We used to shop at a store called Restoration Hardware. Contrary to its name, it is not a hardware store in the customary sense of the term. For those of you in the United States, you will remember when it was fun to poke around that store, with its fun little gadgets and toys. Restoration Hardware also had beautiful furniture and lamps. In fact, we still have quite a few lamps we purchased from them. Though most of the couches were too deep for our small frames, we used to drool over their bedroom sets with their gorgeous dressers whose drawers were lined with fragrant cedar. We could see those sets in our bedroom and thought one day we might try to save up for one, pricey as they were.

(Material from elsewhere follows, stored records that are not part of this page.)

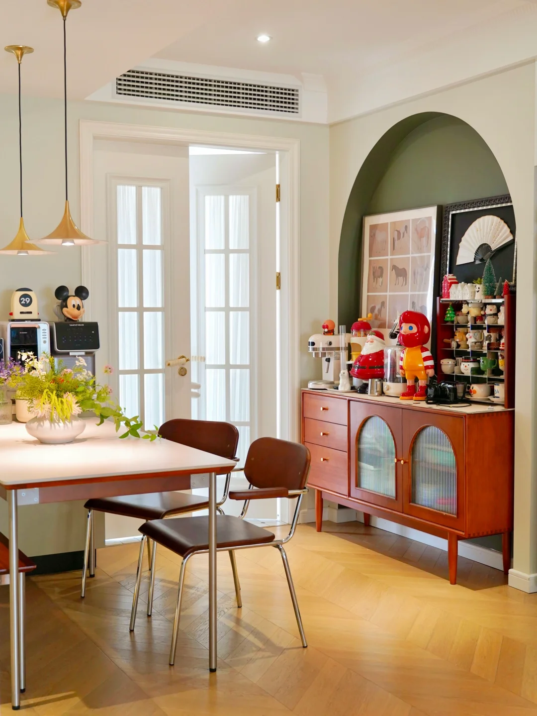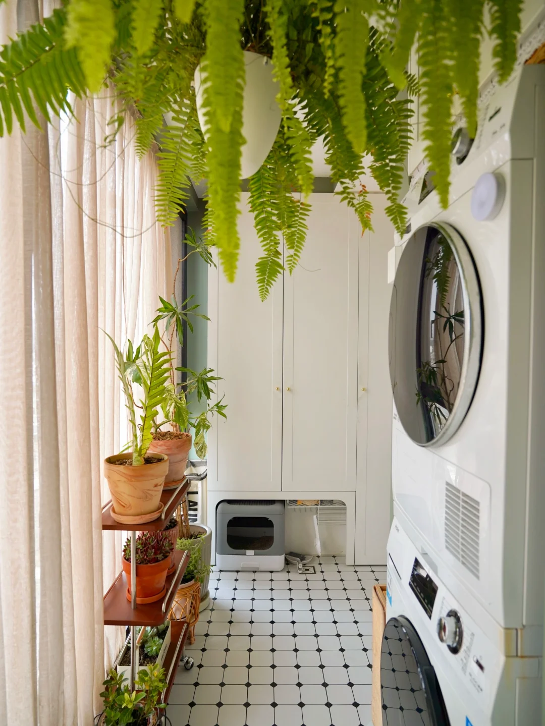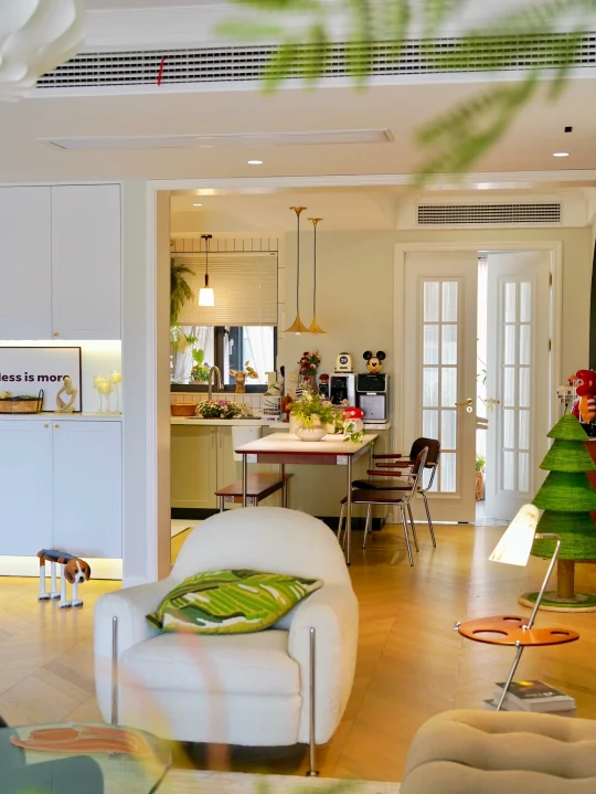 - 装修初期家属偏向还是不要保留生活阳台 我执着的想把休闲阳台和生活阳台区别开 所以在厨房和生活阳台的布置上还是动了一点脑筋 虽然厨房的空间要比同户型邻居的厨房空间小不少 但是我多出来的生活阳台区域也成了我的小确幸 厨房区域餐厨一体日常和家庭成员交互也变多 生活阳台既作为洗衣晾晒(虽然现在都在挂绿植) 又作为猫主子的生活用餐及猫砂盆区域 小小空间里被我布置成了“小森林”的样子 有时候“喜欢”比“合理”更适用自己
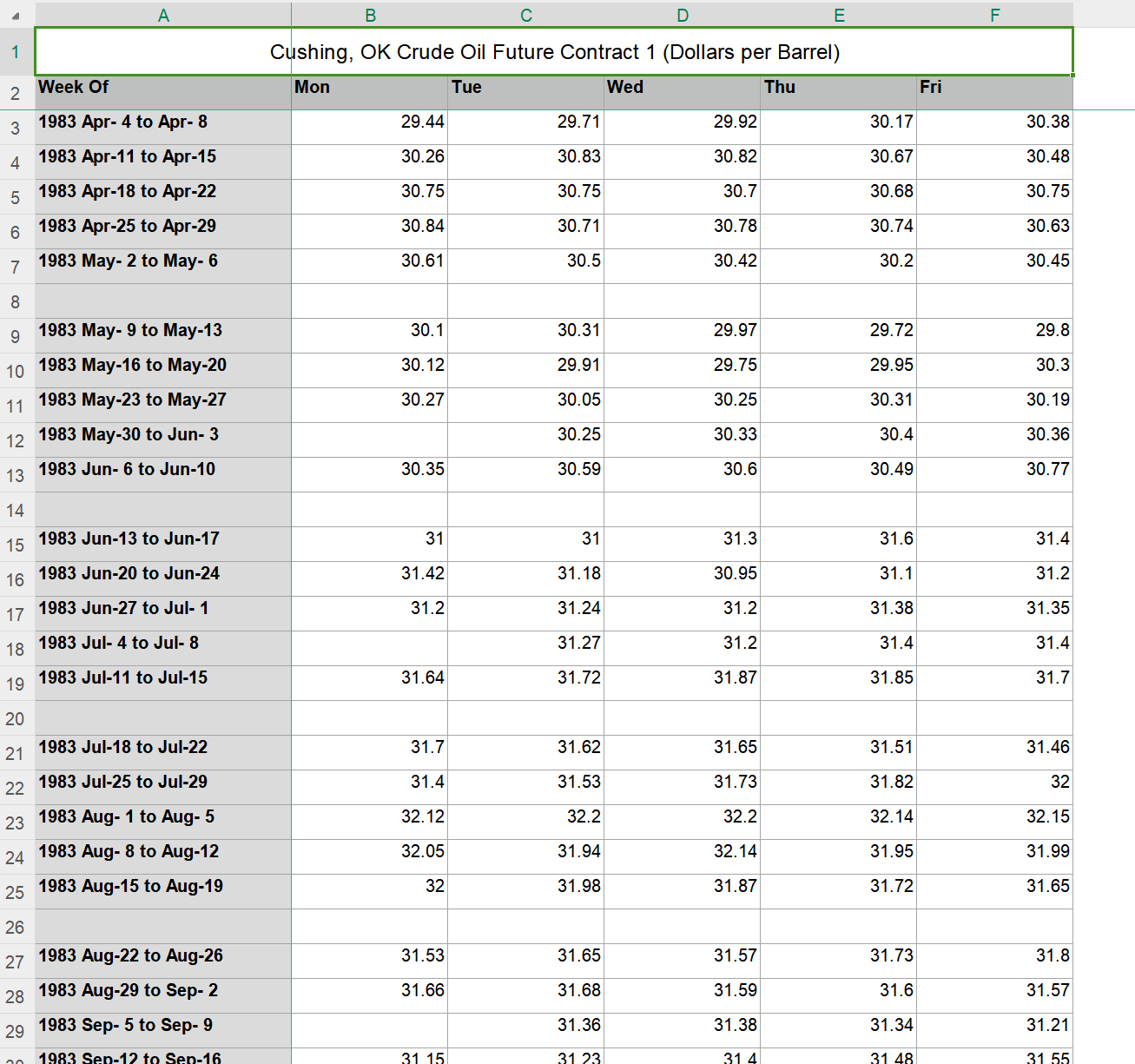• Cushing, OK Crude Oil Future Contract 1 (Dollars per Barrel)
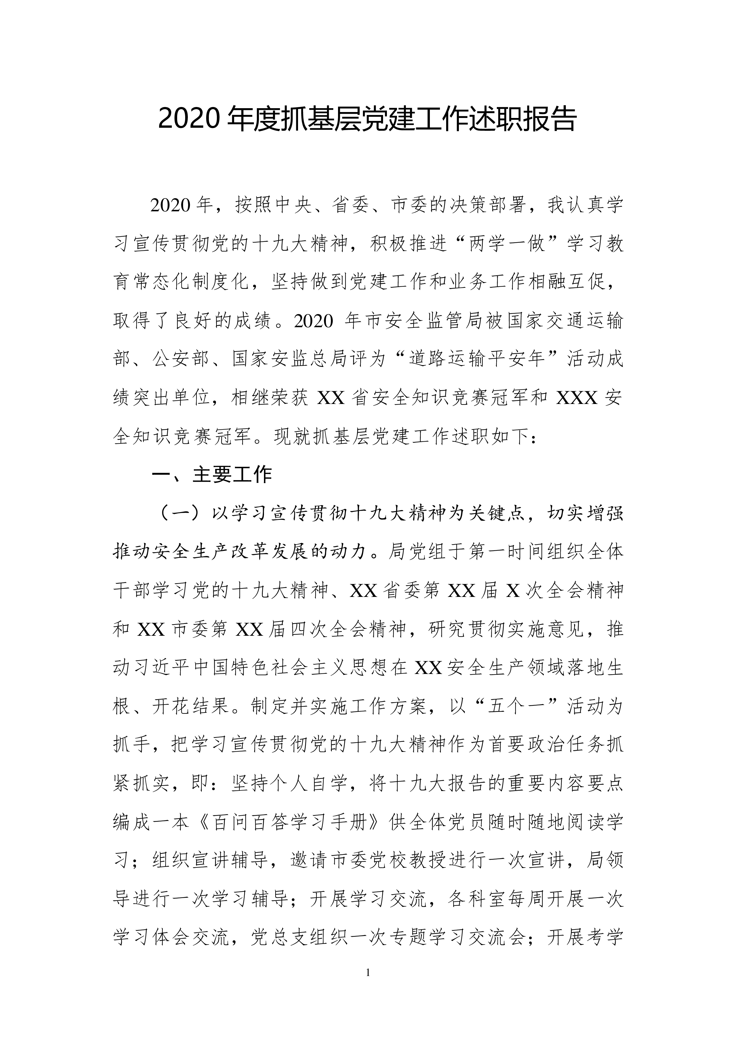 报告2020年,按照中央、省委、市委的决策部署,我认真学习宣传贯彻党的十九大精神,积极推进“两学一做”学习教育常态化制度化,坚持做到党建工作和业务工作相融互促,取得了良好的成绩。2020年市安全监管局被国家交通运输部、公安部、国家安监总局评为“道路运输平安年”活动成绩突出单位,相继荣获XX省安全知识竞赛冠军和XXX安全知识竞赛冠军。现就抓基层
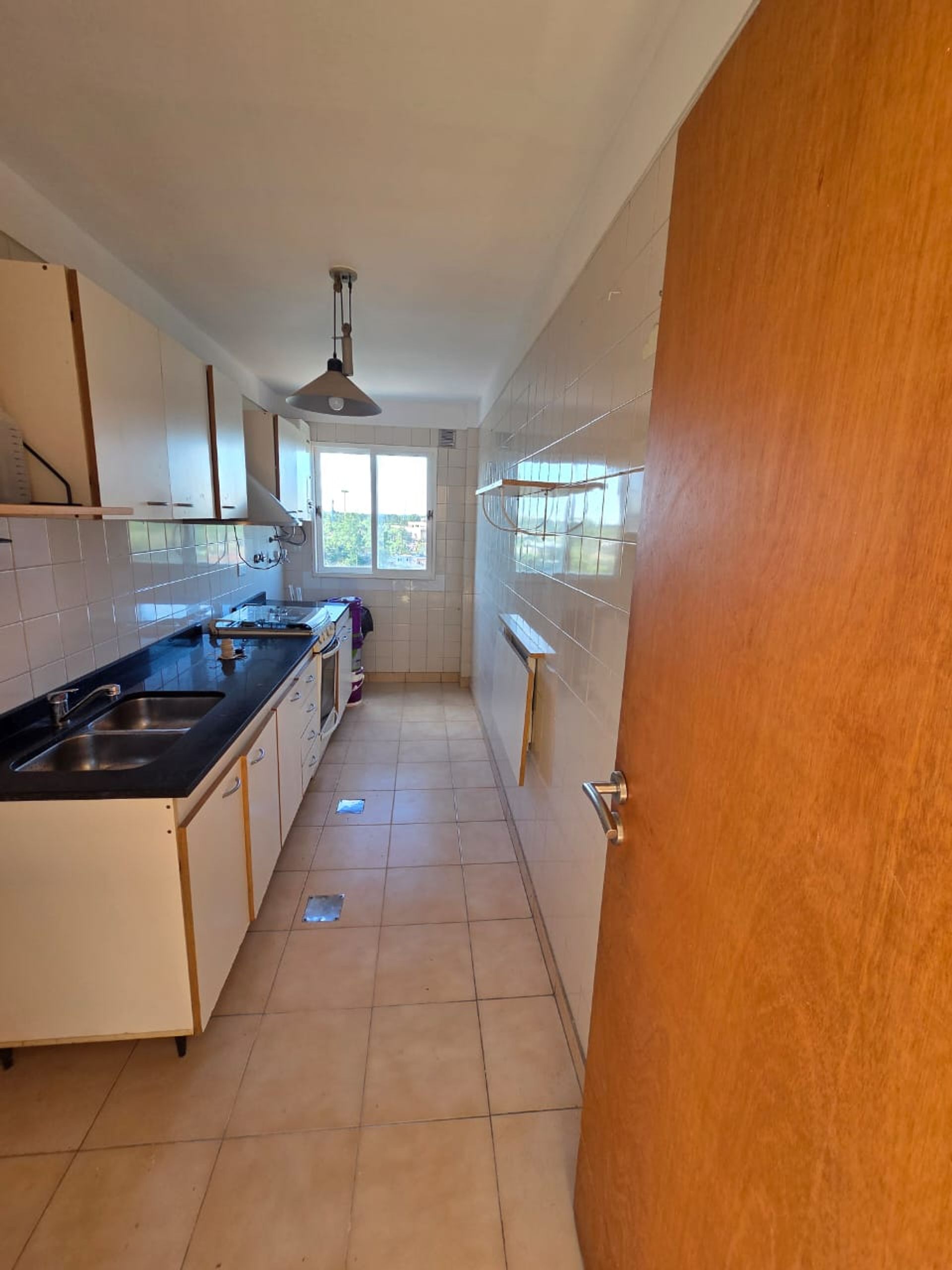 Piso alto en el complejo Los Alamos, Tigre, con vistas abiertas que inundan el espacio de luz natural. El apartamento cuenta con un amplio living comedor, un baño completo equipado con bañera, y dos dormitorios con placares integrados que ofrecen un amplio espacio de almacenamiento. La cocina, diseñada con mesada de granito y extractor, incluye espacio para lavarropas y está equipada con estufa a gas. Los muebles bajo la mesada y las alacenas están alineados para maximizar la funcionalidad.

Then last year or the year before, Restoration Hardware made a drastic change in their merchandise. Gone were those cute little gadgets and toys, except during Christmas. The furniture no longer was something we envisioned in our home. The pieces were massive and seemed more appropriate for a scene in Indiana Jones or a stop on the Orient Express. The bright and cheery interior had been whisked away, and something dark and cave-like had replaced it. We stopped going there, and other people we talked to who used to frequent that store stopped going as well, for the same reasons. A few months ago, the only Restoration Hardware store in south Hampton Roads closed.
Friday, when I went to get the mail, I found two Restoration Hardware catalogues crammed into our mailbox.
They were huge and slick. How many trees, we wondered, had been destroyed in the making? As costly and as impressive as those catalogues are, they would never induce me to even visit Restoration again. If anything, they remind me of why I stopped going in the first place. They no longer sell anything I would ever want to buy or could afford. They stopped catering to the ordinary middle class customer.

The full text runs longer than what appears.